Impulse calculation for an object falling from some height
Answers
ball of mass 0.2kg is dropped from a height of 2.5m above horizontal ground.
After hitting the ground it rises to a height of 1.8m above the ground.
Find the magnitude of the impulse received by the ball from the ground
The answer in the book I'm using says 2.59Ns. I first calculated the speed at which the ball hits the ground using v^2= u^2 +2as, which is 7m/s. The momentum when hitting the ground is therefore -1.4kgm/s.
The final speed is the bit which stumps me. If the answer really is 2.59Ns, then the speed has to be 5.9m/s. I successfully managed to compute this, when I solve the problem in terms of mgh and 1/2mv^2, however, I haven't actually covered that yet in the Mechanics course I'm doing, so I feel I shouldn't do it that way.

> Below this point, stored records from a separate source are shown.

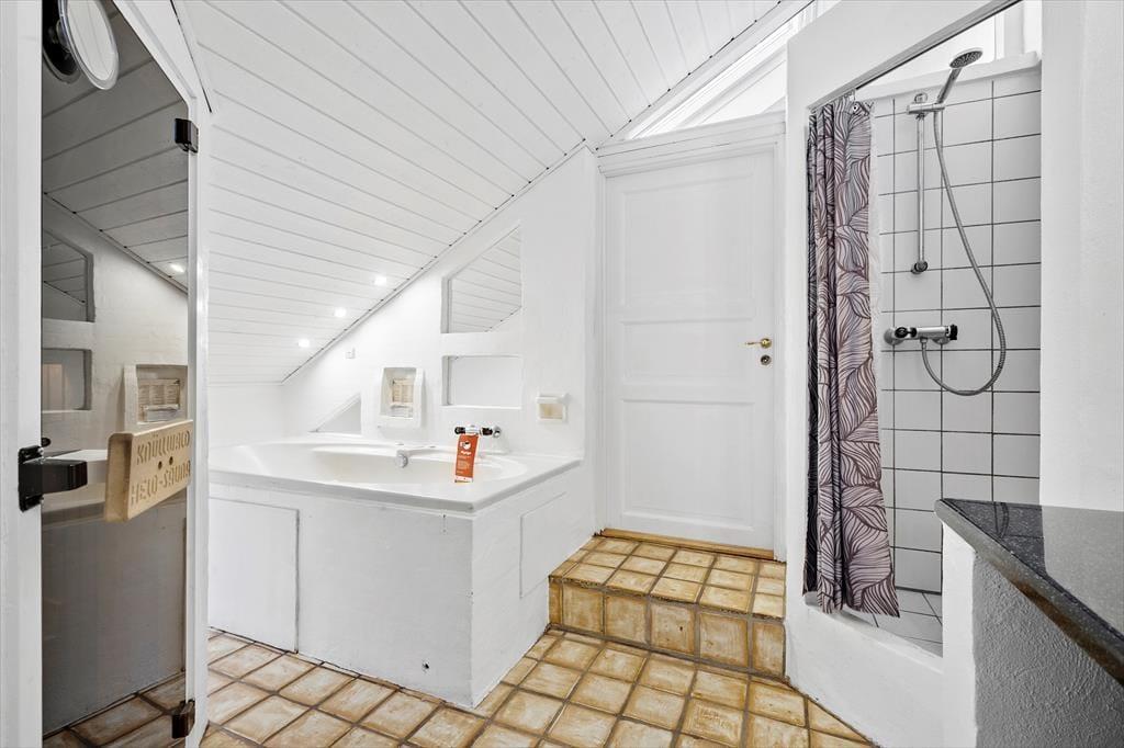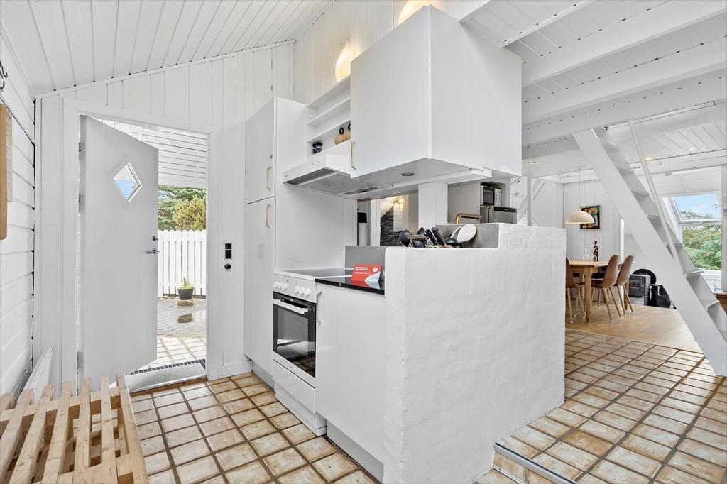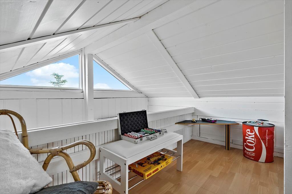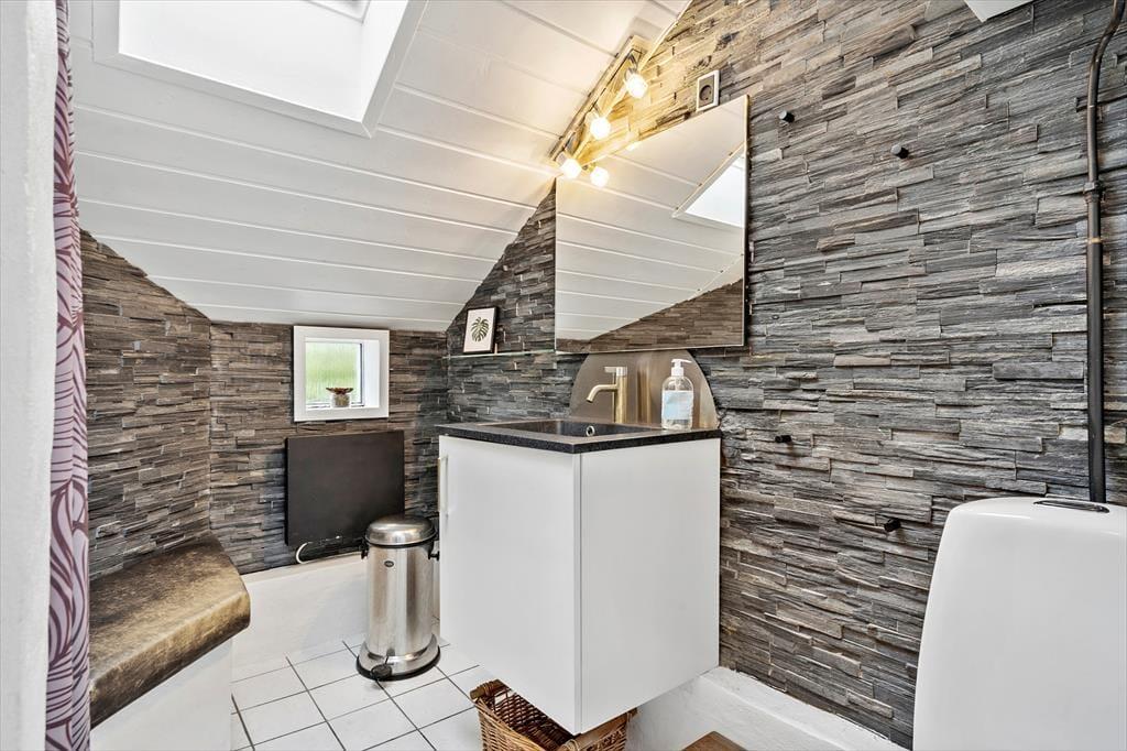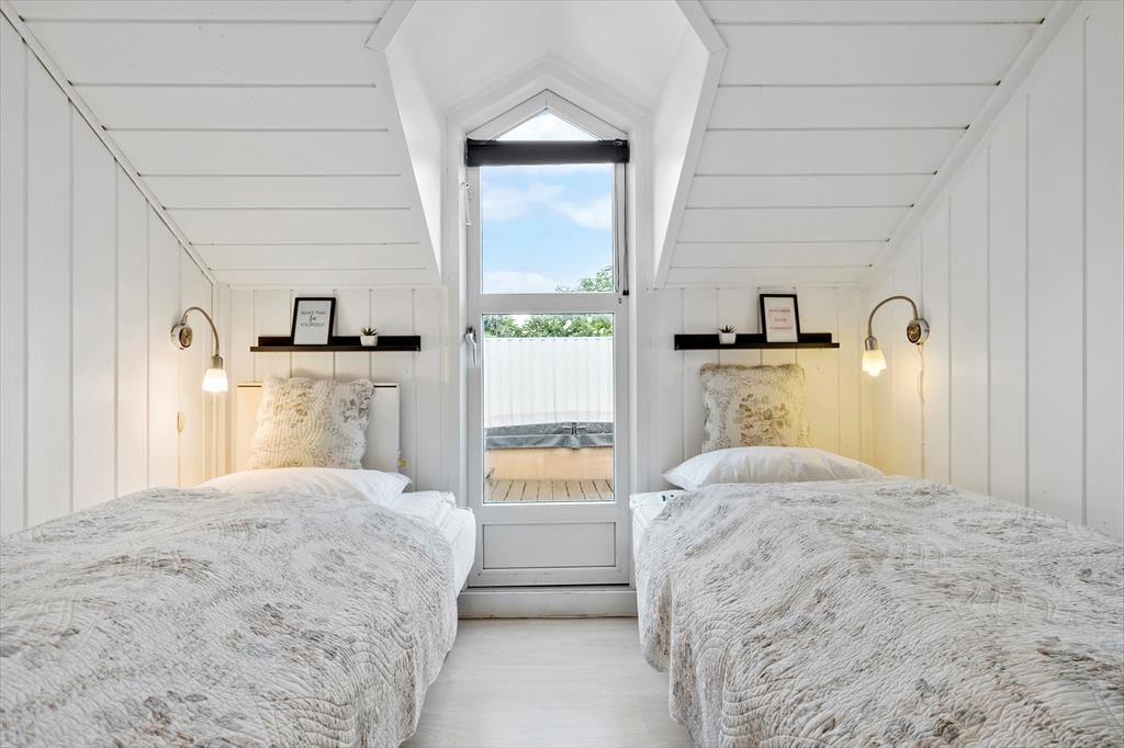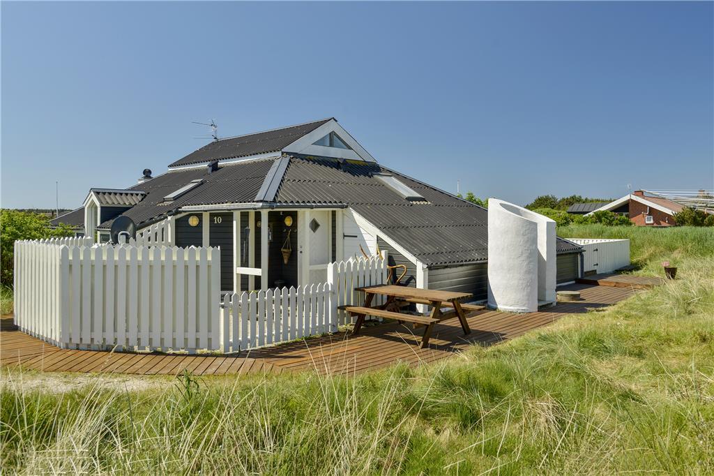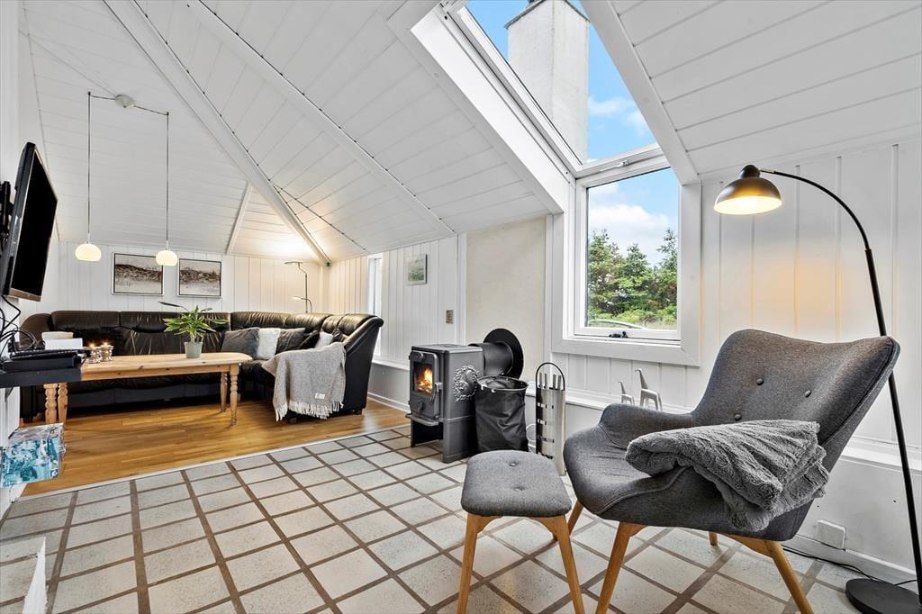 Et skønt lysindfald, en spændende planløsning i flere niveauer samt spabad og sauna på det ene badeværelse. Det er et udvalg af alle kvaliteterne, som dette charmerende sommerhus byder på inden døre. På terrassen finder I en lækker udespa, så selvom Søndervig Strand kun er en kilometer væk, kan I også bade hjemme på ferieadressen.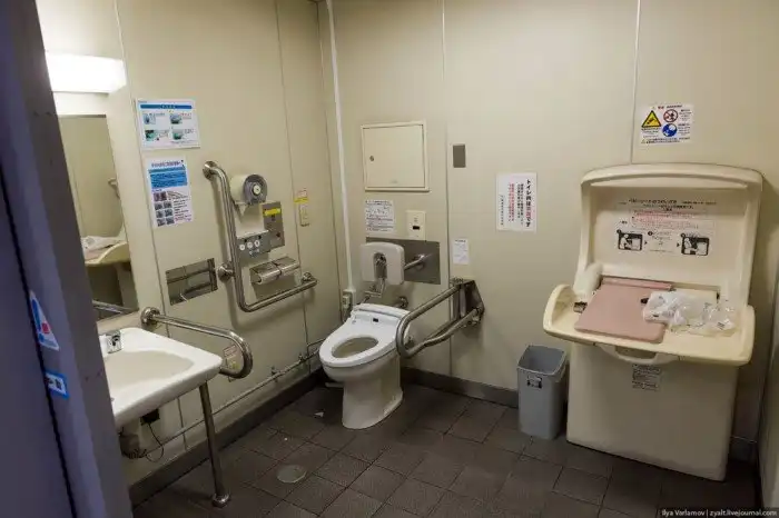 Абсолютно на всех станциях есть туалеты, всегда очень чистые, причем наряду с обычными обязательно наличие кабинки для людей с ограниченными возможностями.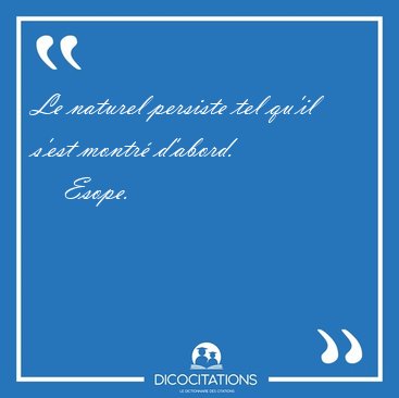 ![Le naturel persiste tel qu'il s'est montré [...] - Esope... Le naturel persiste tel qu'il s'est montré [...] - Esope...](/imagescitations/Le_naturel_persiste_tel_qu_il_s_est_montre_-_Esope-127409.jpg)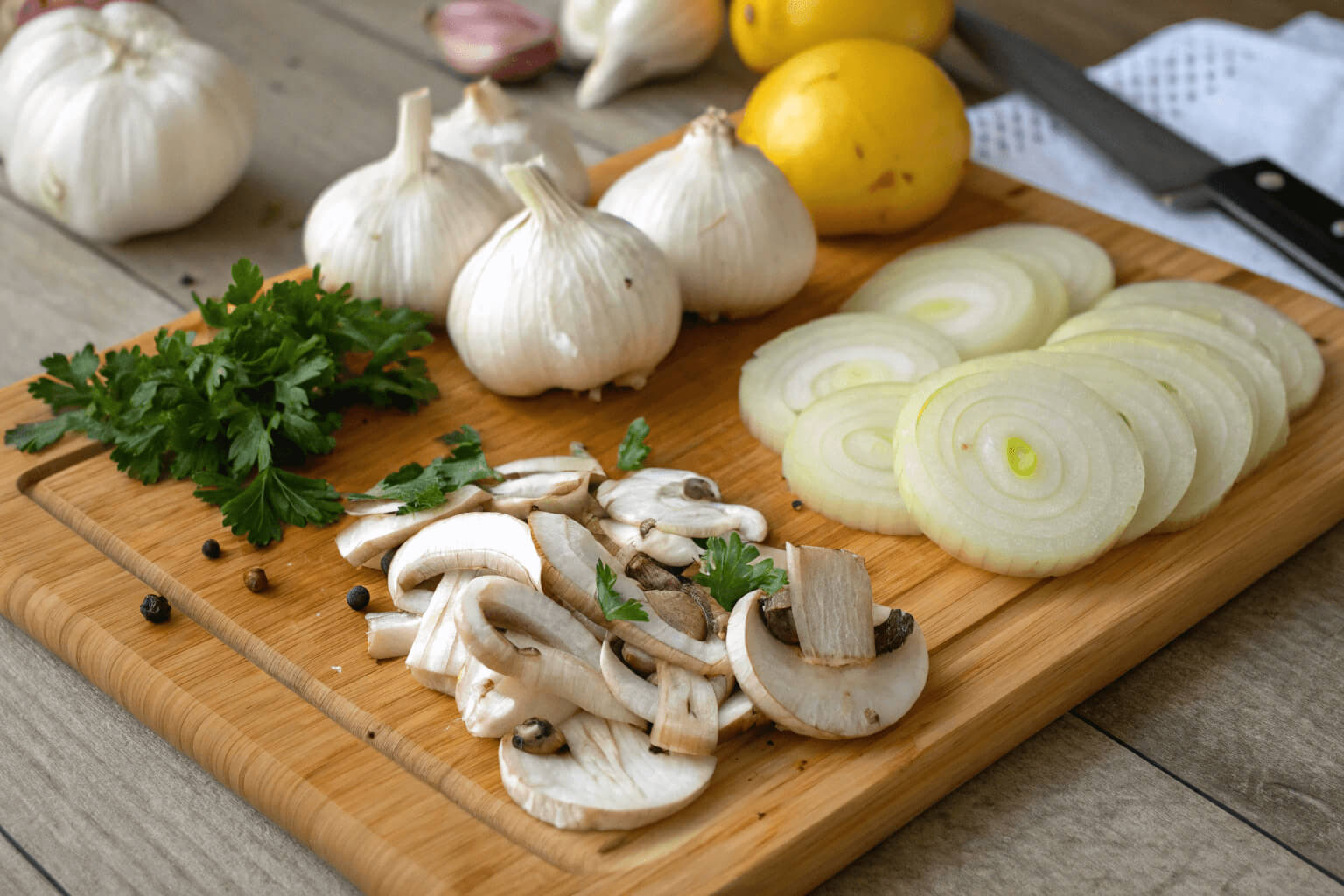 - Garlic, Onion, Mushrooms

However, doing it using SUVAT, and assuming acceleration to be -9.8 and u as 7m/s, my final speed works out to be 3.7m/s, so clearly my impulse cannot be 2.59Ns. I then thought I should work out final speed using u as 0, which would make the total distance travelled 2.5-1.8=0.7m, and acceleration being 9.8, but I end up with the same answer. The only way I can see to get 5.9 as the speed, is to take u as 49 AND s as 0.7, although this isn't correct at all, as if we get the net distance, we can't then use any speed that wasn't the definitive initial speed.
So how do I calculate the final speed of this ball, to then calculate impulse, without having to go into GPE and Kinetic energy?